RECORDS PROVIDED:
+--
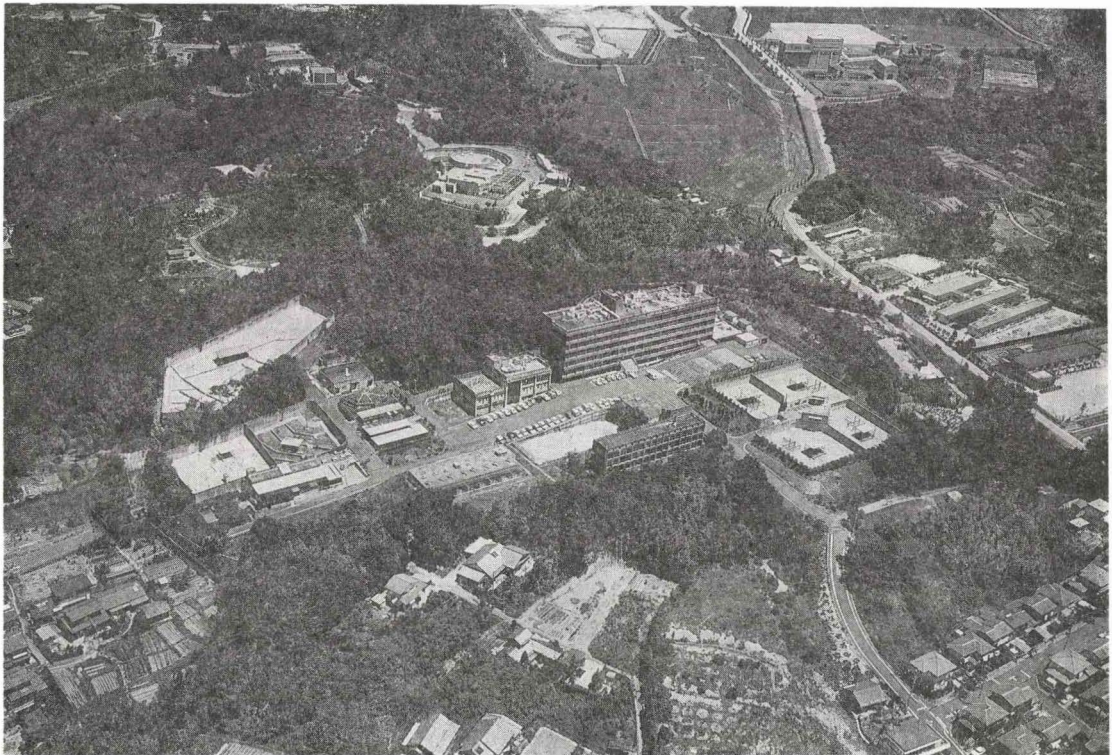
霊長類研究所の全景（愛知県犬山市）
+--
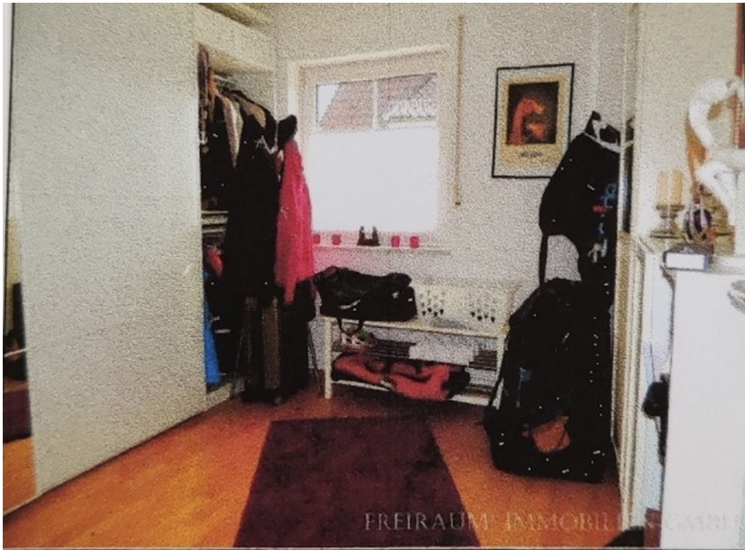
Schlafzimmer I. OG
+--
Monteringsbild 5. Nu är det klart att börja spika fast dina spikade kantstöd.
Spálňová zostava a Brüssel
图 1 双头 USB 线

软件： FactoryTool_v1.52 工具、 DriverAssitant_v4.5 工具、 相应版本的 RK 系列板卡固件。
+--
TASK ITEM: Every line above from the line with "图 1 双头 USB 线" to the line with "软件： FactoryTool_v1.52 工具、" is wanted, ends included; write them out exactly and add no other line.

SOLUTION FOR THIS TASK:
图 1 双头 USB 线

软件： FactoryTool_v1.52 工具、 DriverAssitant_v4.5 工具、 相应版本的 RK 系列板卡固件。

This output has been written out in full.